Nos données restent en circuit fermé. Vos fichiers audio transitent via notre espace client sécurisé, sont traités par votre secrétaire dédiée, et ne circulent pas sur des plateformes tierces. Pas de serveurs américains, pas d’entraînement algorithmique, pas de stockage opaque.
Nous sommes conformes au RGPD. Nos engagements contractuels incluent les obligations de traitement des données personnelles conformément au droit européen.
La qualité est contrôlable. Si un document pose problème, vous avez un interlocuteur humain qui corrige, explique et s’améliore. L’IA ne vous rappelle pas.

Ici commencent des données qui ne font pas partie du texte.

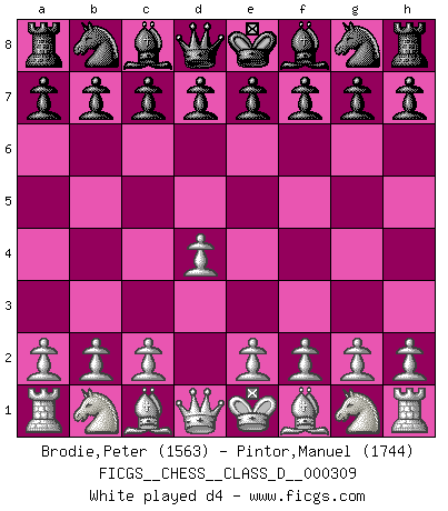 Last move : d4 2026 February 10 19:48:8 White clock - 39 days 22:23:18 Black clock - 39 days 21:03:35 [Event "FICGS__CHESS__CLASS_D__000309"] [Site "FICGS"] [Date "2026.02.10"] [Round "1"] [White "Brodie,Peter"] [Black "Pintor,Manuel"] [Result "*"] [WhiteElo "1563"] [BlackElo "1744"] 1.d4 * Follow this game move after move (download)By playing at Chess then, we may learn: First: Foresight... Second: Circumspection... Third: Caution... And lastly, we learn by Chess the habit of not being discouraged by present bad appearances in the state of our affairs, the habit of hoping for a favorable chance, and that of persevering in the secrets of resources. (Benjamin Franklin) Charakterschwächen offenbaren sich normalerweise während einer Schachpartie. (Garry Kasparov) Debes de llevar a tu oponente hacia un profundo y obscuro bosque donde 2+2=5, y el camino que conduce a la salida es suficientemente ancho para solamente uno. (Mikhail Tal) Shah mat. Le roi est mort. Cri de fierté d'un joueur venant de terrasser son adversaire, courtoisement, sans effusion de sang. In my experience, there's no such thing as luck. (Obi-Wan Kenobi in Star Wars ep.4)
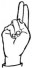 На ћирилици написано МАЈА ГОДОЧЕВИЋ састоји се из 13 слова [?]. Исписано ћириличном једноручном азбуком за глувонеме:
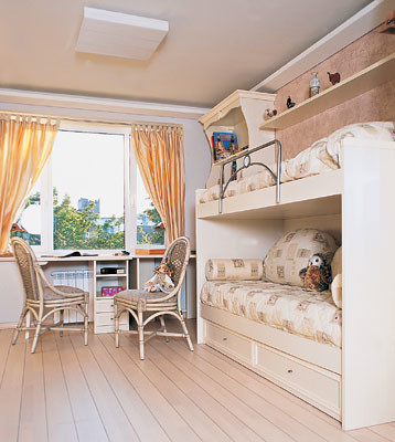 В целях экономии пространства для детской приобрели двухъярусную кровать с выдвижными ящиками
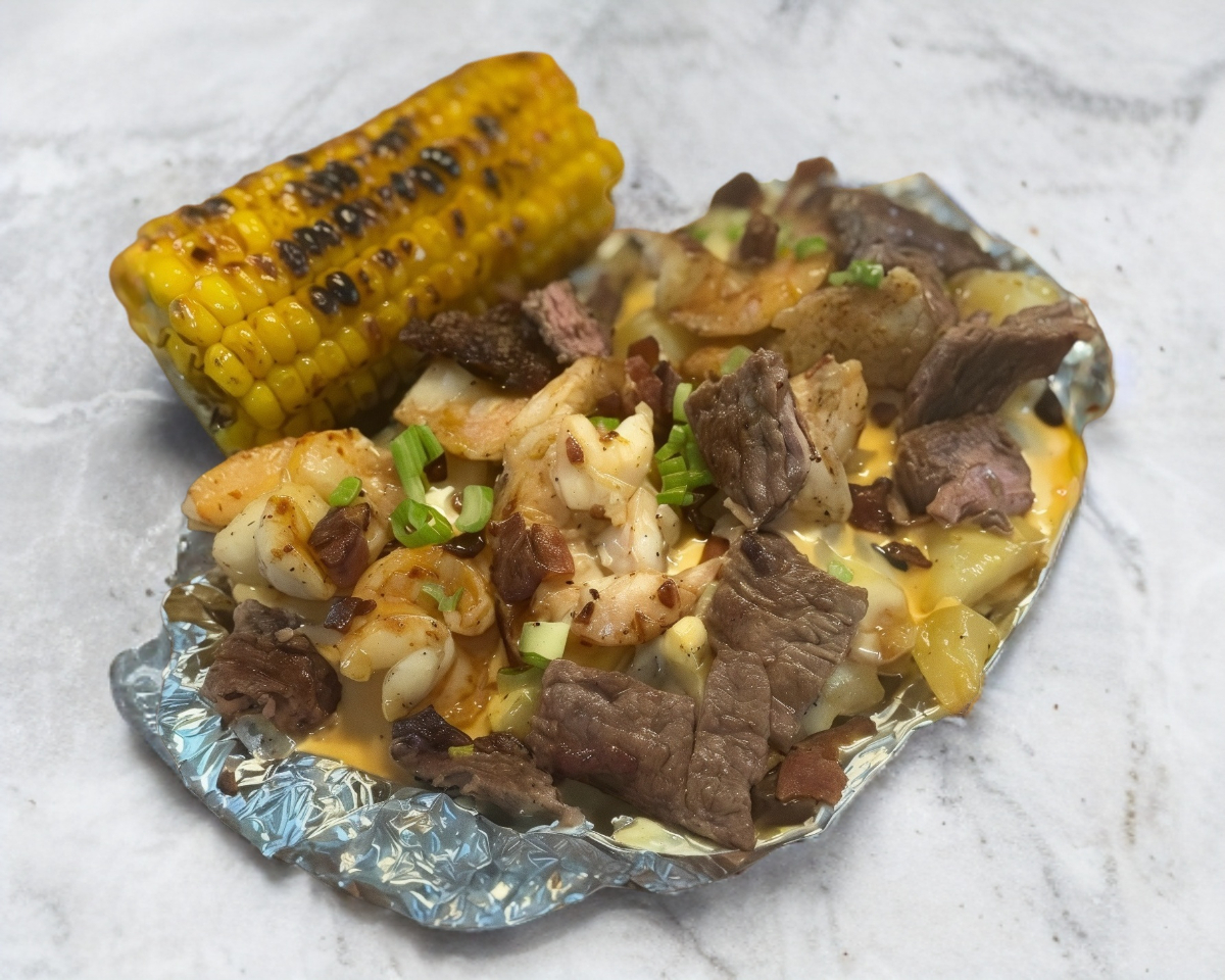 Taco relleno de arrachera, camarón y guacamole.
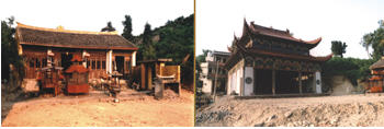 乐成镇米筛河村东南小山岙,甬台温高速公路北侧,坐落一佛教道场紫真寺。寺离村百余米,背靠“米筛河后山”,南是“初四坟坑”,东是横桐岙,西为上滩头村。兹因修建高速公路涉及部分寺基,就此寺向北移动重建,改向为坐北面南。2005年米筛河与横桐岙两村善信何权兴、张贤岳、张益胜、何敖常、张如希、何云星等,及僧海通领首,得十方檀越,聚资50万元,辟山整地,拆去神殿三间成天井,重建五间二搂大殿,高达15米,占地289平方米,奉三圣像.留存的四间大殿改供胡公大帝.继在新大殿后建僧房,斋堂一幢,为五间三楼钢混结构,付资20万元.寺总占地面积1820平方米。紫真寺初称紫真庵,系尼姑堂。据传创於清朝后叶,址在米筛河村西偏的“老堂基山’。民国廿年(1931)迁今址重建,坐东朝西.创前进大殿三间,左右轩舍二间,僧田斗亩,有僧世慧住持.世慧圆寂,寺宇荒废。1958年,庵改办小学.1978年,两村募缘重修,增建后进四间,将三圣像移后进大殿,前进勿为神殿.有僧慧门住持;.慧门上海人,未受戎.后僧象静入驻,2002年冬,象静蒙难车祸.翌年,僧海通来寺住持发愿弘法,海通26岁,江苏人,俗名谷培伊,徒1众. 民国廿年老堂重建时,得善信支持。其中有:米筛河何瑞进、何瑞旺乐助银100两,米筛河何进波、何进村助银、山田及大殿基,横桐岙张守顺顷乐助山、田园,米筛河何正焕助山、田园等。以上以存有大梁上的字样为证。
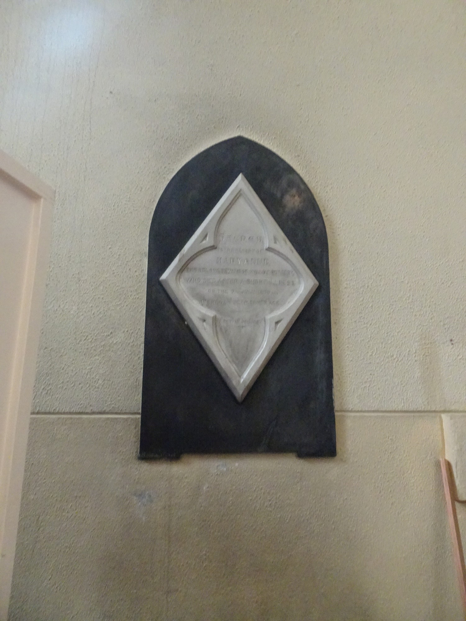 A wall monument of the same form as No. 283, but without a motto scroll. The lozenge-shaped plaque is of white marble, the backing plaque is of black limestone. The words "FRANKLIN MARBLE WORKS" and "GALWAY" occur at the base of the backing plaque. The actual burial place is in the graveyard. (See No. 141)
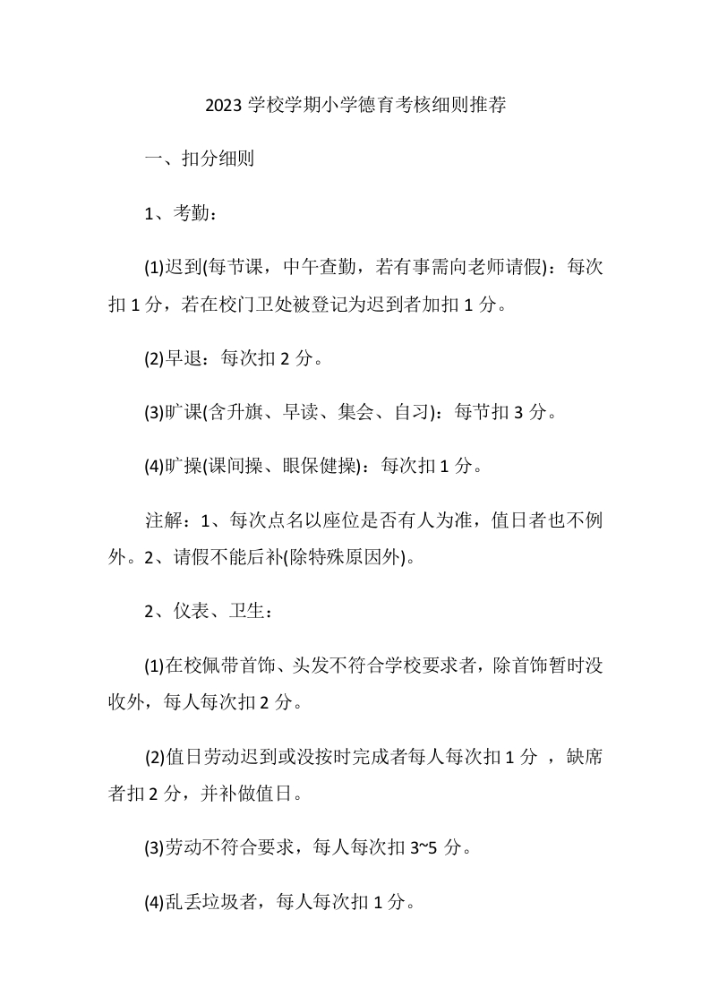 2023学校学期小学德育考核细则推荐范文
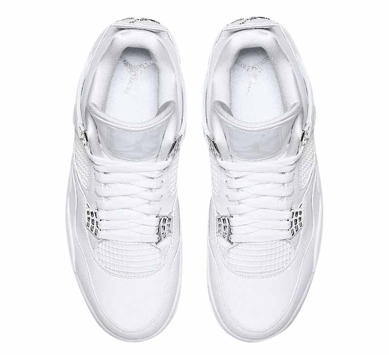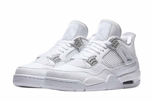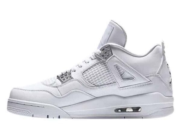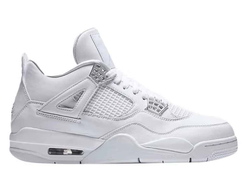 The Jordan 4 Retro Pure Money (2017) refreshes the Air Jordan 4 with pure, brilliant white. In May 2017, this silhouette was the latest in a series of Air Jordan 4 releases. This sneaker resembles the 2005 Pure Money with a few touch-ups, like chrome eyelets.

La vraie question pour un avocat
Ce n’est pas : « L’IA est-elle pratique ? » Elle l’est, dans certains contextes.
La vraie question est : « Suis-je en mesure de garantir à mon client que les informations qu’il m’a confiées n’ont pas été exposées à un tiers non autorisé ? »
Si la réponse est incertaine — parce que vous avez utilisé un outil grand public, parce que vous n’avez pas lu les conditions générales du service, parce que vous ne savez pas où vos données sont stockées — vous êtes dans une zone de risque que votre barreau pourrait un jour qualifier de manquement.
Notre position
Nous ne sommes pas contre l’IA. Nous l’utilisons comme outil interne dans notre organisation. Mais nous n’interposons jamais un algorithme opaque entre un avocat et ses données clients sans contrôle humain qualifié.
Nos secrétaires juridiques sont basées à Maurice, Madagascar et Rodrigues. Diplômées, formées au droit français et belge, soumises à des obligations contractuelles de confidentialité, elles traitent vos documents comme une collaboratrice interne le ferait — avec la même discrétion, la même rigueur, et la même responsabilité.
Bientôt 20 ans que des cabinets d’avocats nous font confiance sur des dossiers sensibles. Cette confiance ne s’improvise pas.
Conclusion
L’IA progresse vite. Les garanties de confidentialité progressent moins vite. Pour un avocat soumis au secret professionnel, l’écart entre les deux est un risque réel — pas théorique.
Choisir une secrétaire juridique humaine externalisée, c’est choisir la certitude sur la commodité. C’est un choix que nos clients ont fait, et qu’ils ne regrettent pas.